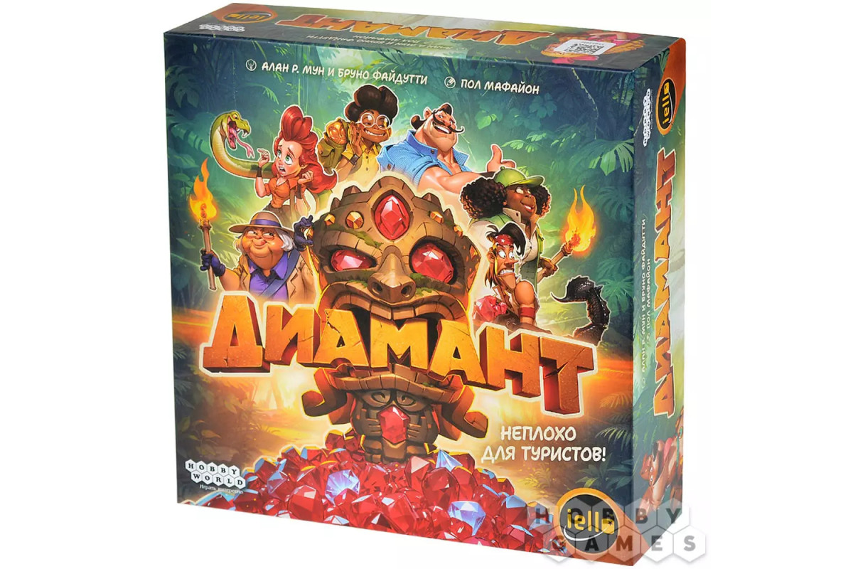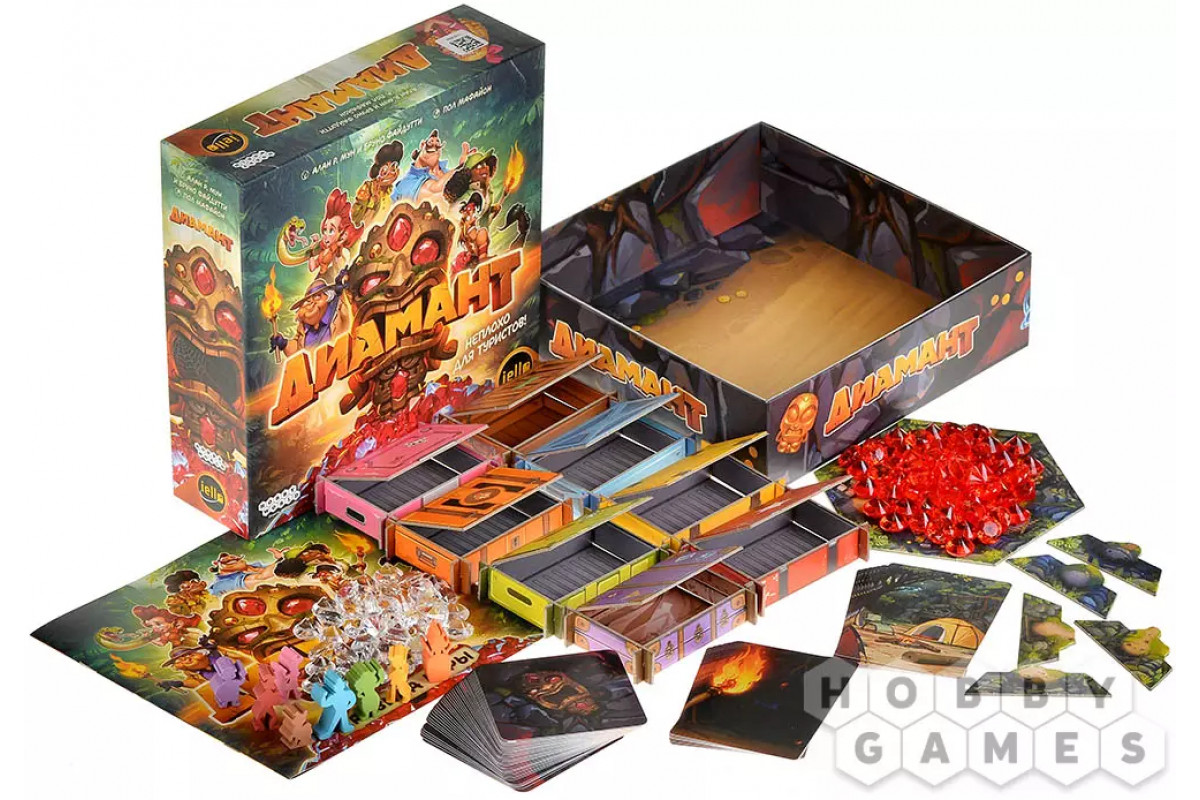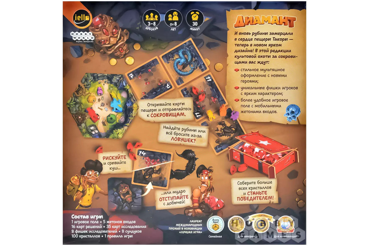 "Диамант" – это динамичная семейная настольная игра про риск и жадность, получившая новое яркое оформление. Вас ждут стильный мультяшный дизайн, харизматичные персонажи и удобное поле с подвижными жетонами входов в пещеру. Игра идеально подойдёт для семьи, компании друзей и вечеринок, легко объясняется новичкам и при этом каждый раз создаёт новые напряжённые ситуации за столом. Неоднократный лауреат международных премий и заслуженно считается одной из лучших игр для знакомства с настольным хобби.
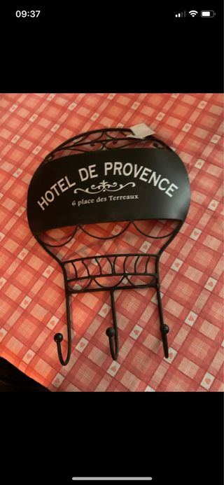 Bellissimo porta bottiglie in legno, stile rustico, con serigrafia 'Le Bistrot Resto & Café du Coin'. Perfetto per 6 bottiglie. - Struttura in legno robusta e ben rifinita. - Design accattivante, ideale per arredare con stile la tua cantina o cucina. - Ottimo stato, qualche piccolo segno di usura.
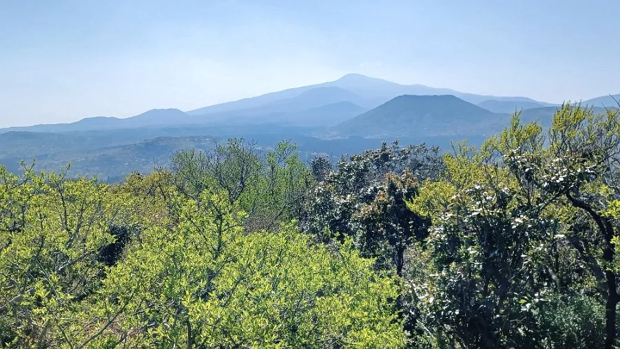 왼편짝에 다소곳 온순하게 생긴 오름이 봉긋, 신록의 숲 새새로 산벚나무 꽃 만개해 하얗게 웃고 있는 붉은오름.
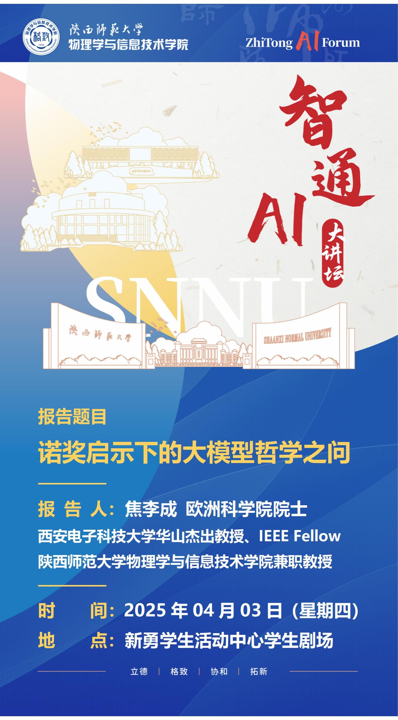 聘任仪式之后,焦李成教授做了题为《诺奖启示下的大模型哲学之问》的报告,回顾了人工智能及大模型的核心技术,介绍了其内涵与发展、以及在发展过程中的变革和存在的挑战。紧接着针对目前的发展现状,给出了从基础理论到应用研究的一些思考和展望。本次报告是公海5500线路检测“智通A I大讲坛”系列学术论坛的第一期。该讲坛主要邀请国内外人工智能领域著名专家学者和行业领军人才担任主讲嘉宾,结合学院物理学、信息与通信工程学科特点,聚焦人工智能与教育教学、科学研究深度融合的创新路径,推动学科交叉融合、教学模式革新与科研范式的数智化升级,推动我院学科建设高质量发展。
────────────────
About this exercise: Please reproduce the listing exactly from its opening line through the line that contains "왼편짝에 다소곳 온순하게", both included, with all pictures omitted.

Solution:
 "Диамант" – это динамичная семейная настольная игра про риск и жадность, получившая новое яркое оформление. Вас ждут стильный мультяшный дизайн, харизматичные персонажи и удобное поле с подвижными жетонами входов в пещеру. Игра идеально подойдёт для семьи, компании друзей и вечеринок, легко объясняется новичкам и при этом каждый раз создаёт новые напряжённые ситуации за столом. Неоднократный лауреат международных премий и заслуженно считается одной из лучших игр для знакомства с настольным хобби.
 Bellissimo porta bottiglie in legno, stile rustico, con serigrafia 'Le Bistrot Resto & Café du Coin'. Perfetto per 6 bottiglie. - Struttura in legno robusta e ben rifinita. - Design accattivante, ideale per arredare con stile la tua cantina o cucina. - Ottimo stato, qualche piccolo segno di usura.
 왼편짝에 다소곳 온순하게 생긴 오름이 봉긋, 신록의 숲 새새로 산벚나무 꽃 만개해 하얗게 웃고 있는 붉은오름.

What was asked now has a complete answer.